Fortnum erhob sich. «Sie verlangen also nicht nur, dass ich mich selbst einem extremen Risiko aussetze, sondern auch, dass ich filme, wie diese Kreatur unsere eigenen Leute zerfleischt. Dass ich dabeistehe und filme, anstatt alles in meinen Kräften Stehende zu tun, um Leben zu retten.»

«Wer weiß? Vielleicht gibt es keine weiteren Angriffe mehr. Vielleicht gibt es diese Kreatur ja gar nicht. Vielleicht zieht der Sturm vorzeitig ab, und wir sind morgen schon hier raus. Aber wir müssen vorbereitet sein, James – für den Fall der Fälle

Fortnum spürte, wie Schock und Unglaube wichen und Ärger von ihm Besitz ergriff. «Wieso wurde Ken Toussaints Kamera im Krankenrevier gefunden, keine zehn Meter von der Stelle entfernt, wo Josh Peters’ Leichnam gelegen hat? Das war der Auftrag, den Sie ihm in der Eingangshalle gegeben haben, nicht wahr? Joshs zerrissenen Leichnam zu filmen.»

«Eine Schande, dass die Videoaufzeichnung zerstört wurde.» Contis Blick ging wieder zum Bildschirm, wo das riesige Luftschiff einmal mehr langsam und eigenartig feierlich zu Boden sank, eingehüllt in Rauch und Flammen. «Primitiv», murmelte er. «Amateurhaft. Aber nicht dieses Mal. Dieses Mal werde ich die Gelegenheit nutzen und diese Dokumentation – diese Autobiographie, diese sich entfaltende Tragödie auf Film bannen. Eine Krise, so unvergesslich wie die Hindenburg… doch diesmal wird der Film ein Kunstwerk sein.»
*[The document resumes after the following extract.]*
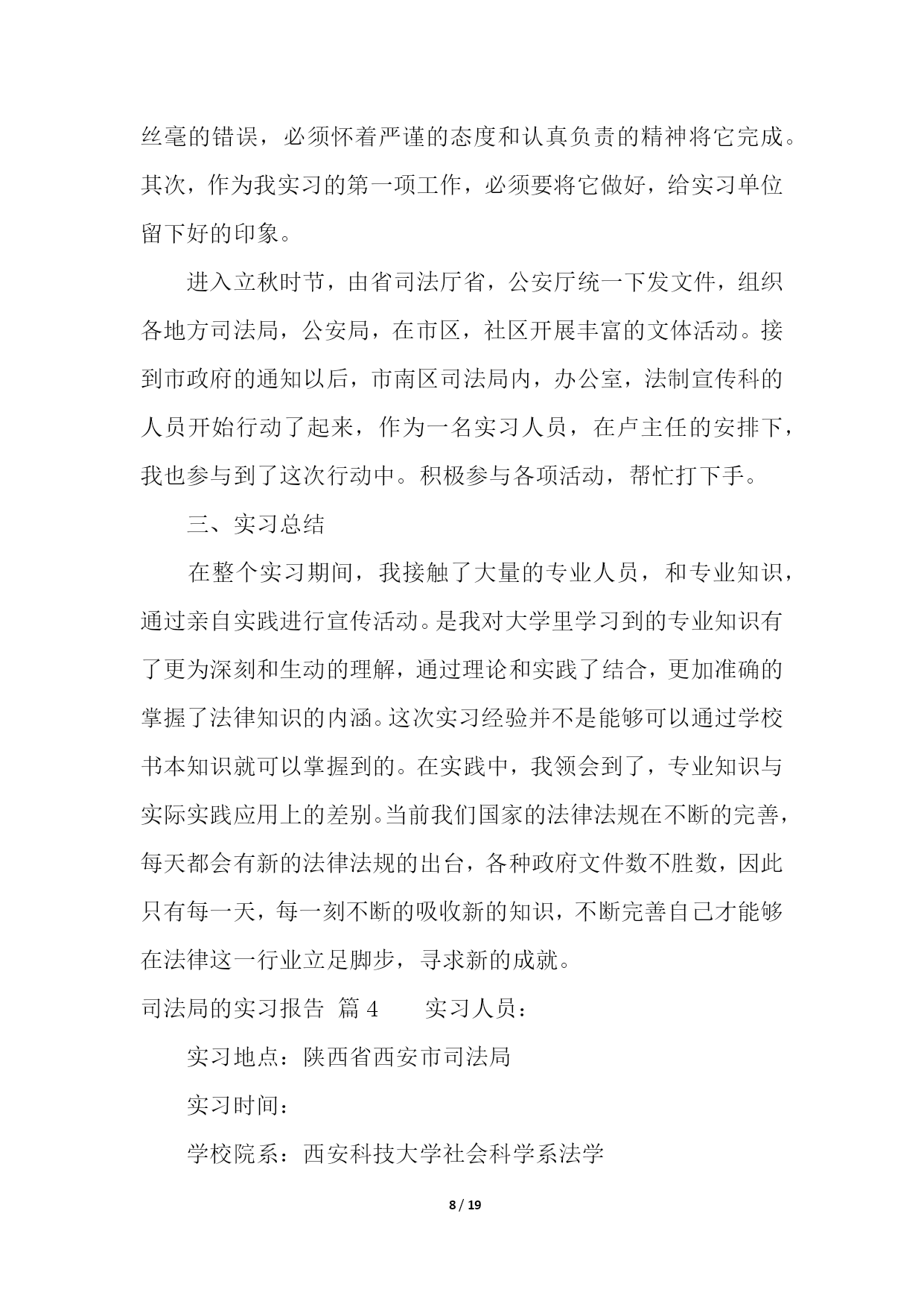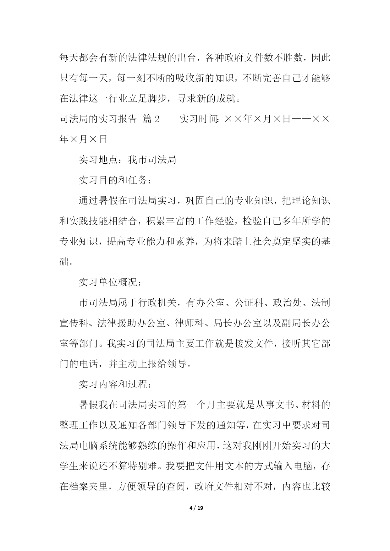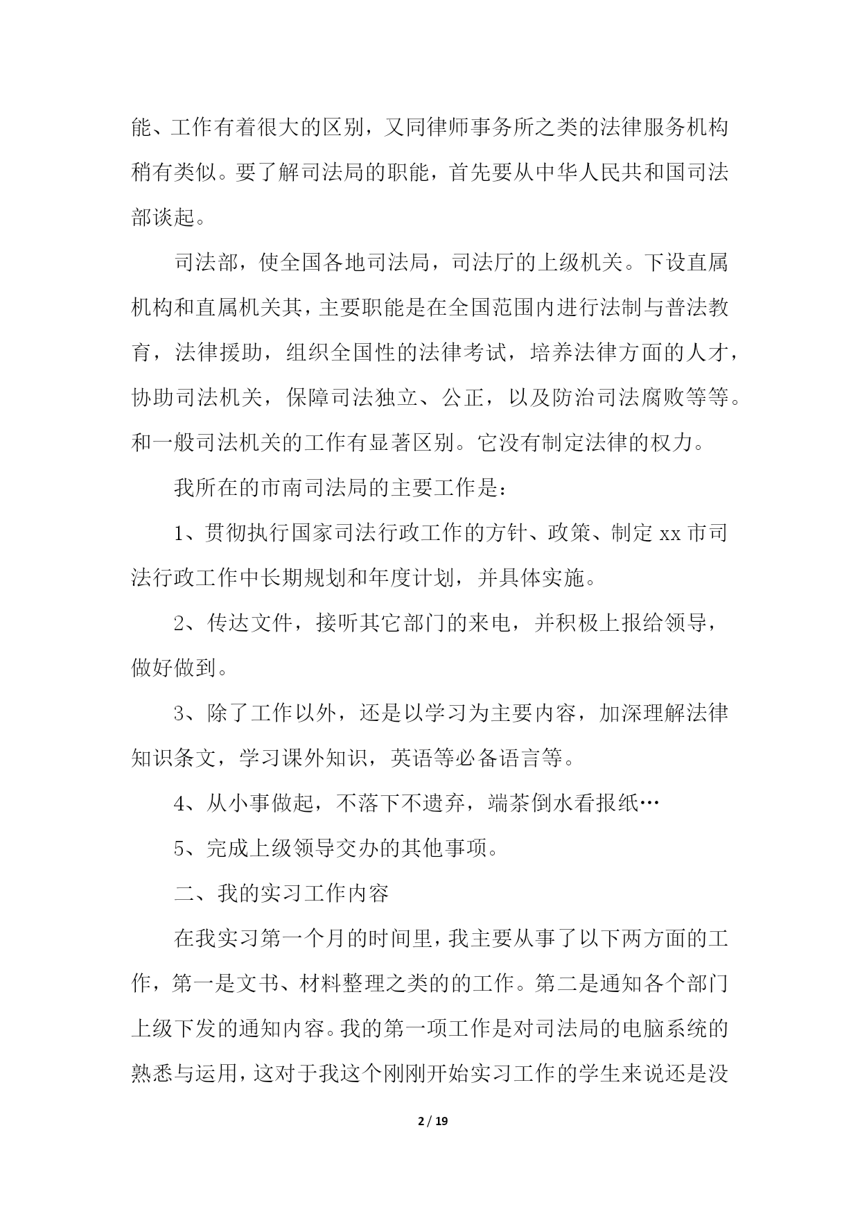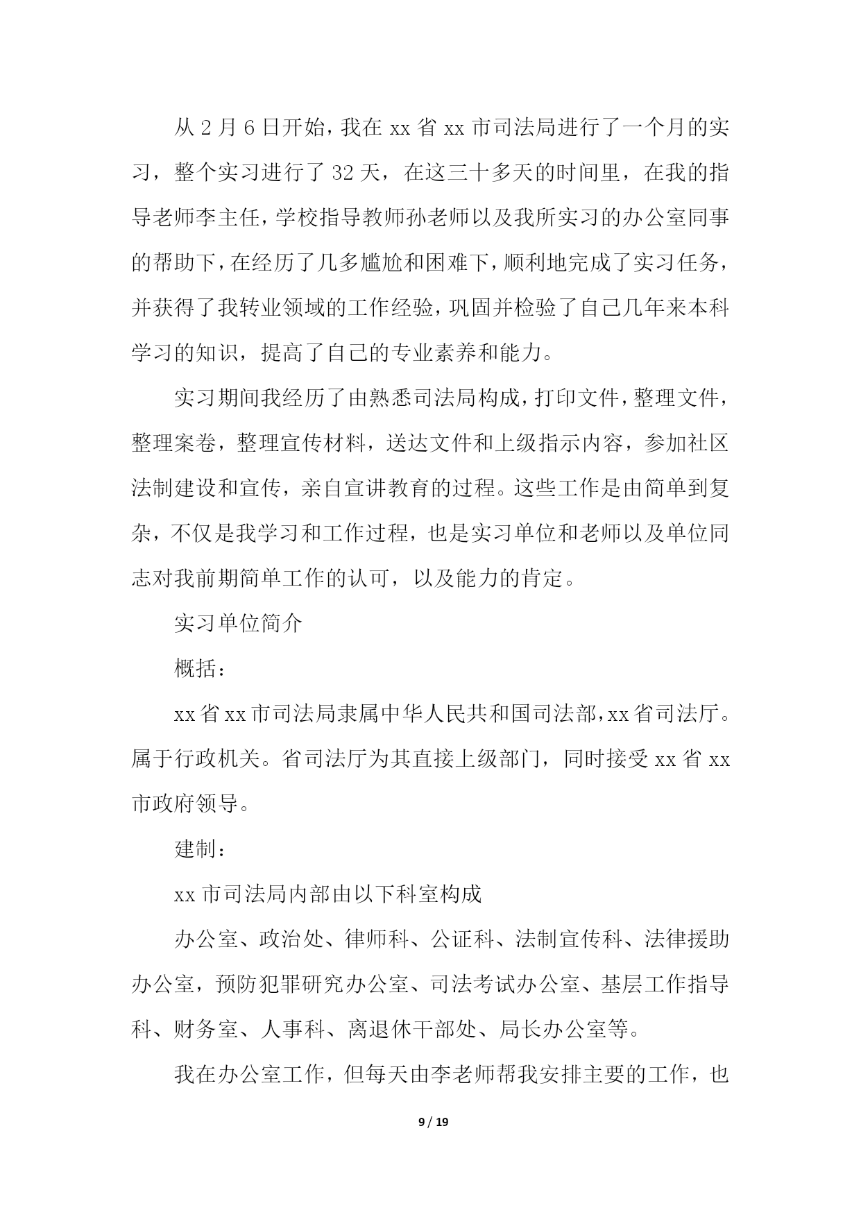 PAGE19/NUMPAGES19司法局的实习报告模板汇总五篇司法局的实习报告篇1我在市南司法局进行了为期半年的实习工作,在这6个月左右的时间里,我在的办公室主任的帮助下,在经历了几多尴尬和困难下,顺利地完成了实习任务,并获得了丰富的工作经验,巩固并检验了自己几年来本科学习的知识,提高了自己的专业素养和能力。实习期间我经历了由熟悉司法局构成,打印文件,整理文件,整理案卷,整理宣传材料,送达文件和上级指示内容。这些工作是由简单到复杂,不仅是我学习和工作过程,也是实习单位和办公室主任对我前期简单工作的认可,以及能力的肯定。一、实习单位简介概括:市南司法局隶属中华人民共和国司法部,山东省司法厅。属于行政机关。省司法厅为其直接上级部门,同时接受山东省青岛市政府领导。我在司法局办公室工作,每天由办公室卢主任帮助我安排主要的工作。建制:办公室、政治处、律师科、公证科、法制宣传科、法律援助办公室,基层工作科、局长办公室以及副局长办公室等。在中国,司法局是属于行政部门,它与其他的司法部门的职能、工作有着很大的区别,又同律师事务所之类的法律服务机构稍有类似。要了解司法局的职能,首先要从中华人民共和国司法部谈起。司法部,使全国各地司法局,司法厅的上级机关。下设直属机构和直属机关其,主要职能是在全国范围内进行法制与普法教育,法律援助,组织全国性的法律考试,培养法律方面的人才,协助司法机关,保障司法独立、公正,以及防治司法腐败等等。和一般司法机关的工作有显著区别。它没有制定法律的权力。我所在的市南司法局的主要工作是:1、贯彻执行国家司法行政工作的方针、政策、制定xx市司法行政工作中长期规划和年度计划,并具体实施。2、传达文件,接听其它部门的来电,并积极上报给领导,做好做到。3、除了工作以外,还是以学习为主要内容,加深理解法律知识条文,学习课外知识,英语等必备语言等。4、从小事做起,不落下不遗弃,端茶倒水看报纸…5、完成上级领导交办的其他事项。二、我的实习工作内容在我实习第一个月的时间里,我主要从事了以下两方面的工作,第一是文书、材料整理之类的的工作。第二是通知各个部门上级下发的通知内容。我的第一项工作是对司法局的电脑系统的熟悉与运用,这对于我这个刚刚开始实习工作的学生来说还是没有难度的。这项工作的要求是将文件以文本的形式输入电脑,存入局内的统一档案文件夹,看过的并予以审批的字体会变色,方便于领导的使用。系统主要是楼内市机关部门统一使用的系统,所以需要账号密码等。政府文件不是很多,内容还比较少,而且我的打字速度很快,所以,这项工作没有什么难度。当然我的内心也没有包含一种轻视的态度。首先,作为政府文件的存稿。必须在格式和字上没有丝毫的错误,必须怀着严谨的态度和认真负责的精神将它完成。其次,作为我实习的第一项工作,必须要将它做好,给实习单位留下好的印象。进入立秋时节,由省司法厅省,公安厅统一下发文件,组织各地方司法局,公安局,在市区,社区开展丰富的文体活动。接到市政府的通知以后,市南区司法局内,办公室,法制宣传科的人员开始行动了起来,作为一名实习人员,在卢主任的安排下,我也参与到了这次行动中。积极参与各项活动,帮忙打下手。三、实习总结在整个实习期间,我接触了大量的专业人员,和专业知识,通过亲自实践进行宣传活动。是我对大学里学习到的专业知识有了更为深刻和生动的理解,通过理论和实践了结合,更加准确的掌握了法律知识的内涵。这次实习经验并不是能够可以通过学校书本知识就可以掌握到的。在实践中,我领会到了,专业知识与实际实践应用上的差别。当前我们国家的法律法规在不断的完善,每天都会有新的法律法规的出台,各种政府文件数不胜数,因此只有每一天,每一刻不断的吸收新的知识,不断完善自己才能够在法律这一行业立足脚步,寻求新的成就。司法局的实习报告篇2实习时间:××年×月×日——××年×月×日实习地点:我市司法局实习目的和任务:通过暑假在司法局实习,巩固自己的专业知识,把理论知识和实践技能相结合,积累丰富的工作经验,检验自己多年所学的专业知识,提高专业能力和素养,为将来踏上社会奠定坚实的基础。实习单位概况:市司法局属于行政机关,有办公室、公证科、政治处、法制宣传科、法律援助办公室、律师科、局长办公室以及副局长办公室等部门。我实习的司法局主要工作就是接发文件,接听其它部门的电话,并主动上报给领导。实习内容和过程:暑假我在司法局实习的第一个月主要就是从事文书、材料的整理工作以及通知各部门领导下发的通知等,在实习中要求对司法局电脑系统能够熟练的操作和应用,这对我刚刚开始实习的大学生来说还不算特别难。我要把文件用文本的方式输入电脑,存在档案夹里,方便领导的查阅,政府文件相对不对,内容也比较简单比较少,我打字速度也算快,所以做起来并不感觉到有什么压力,当然我也不敢有一丝
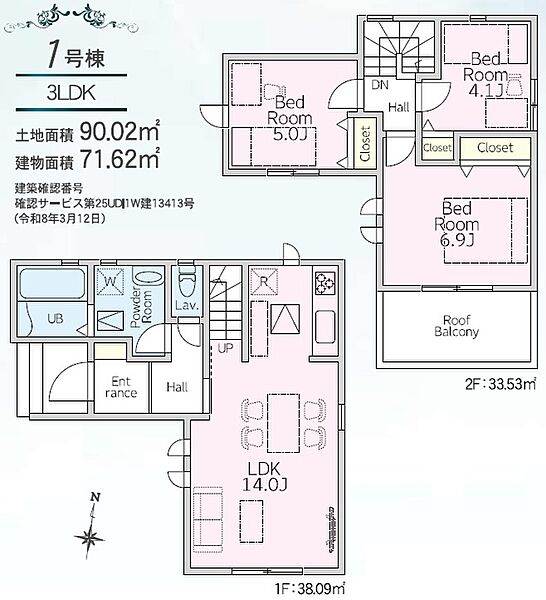 | 主たる設備の概要 | 東京電力・都市ガス・公営水道・本下水 | 建築確認番号 | 第25UDI1W建13413号 |

Fortnum versteifte sich. «Peters’ Tod für Betroffenheitsszenen auszunutzen war schlimm genug … aber das hier? Ich will damit nichts zu tun haben. Und ich denke, Sie sind ein Monster. Allein dafür, dass Sie es wagen, so etwas Widerwärtiges vorzuschlagen!»

Es dauerte einen Moment, bis sich Conti vom Bildschirm losgerissen hatte. Er sah Fortnum an. «Sie arbeiten für mich», sagte er. «Wenn Sie nicht das Zeug haben, um zu tun, was in dieser Situation getan werden muss, dann sind Sie nicht als Dokumentarfilmer geeignet. Ich werde dafür sorgen, dass Sie in diesem Geschäft erledigt sind.»

«Irgendwie habe ich das Gefühl, dass der eine oder andere von uns längst erledigt ist. Er weiß es nur noch nicht», entgegnete Fortnum. Mit diesen Worten machte er auf dem Absatz kehrt und stürmte aus Contis Quartier.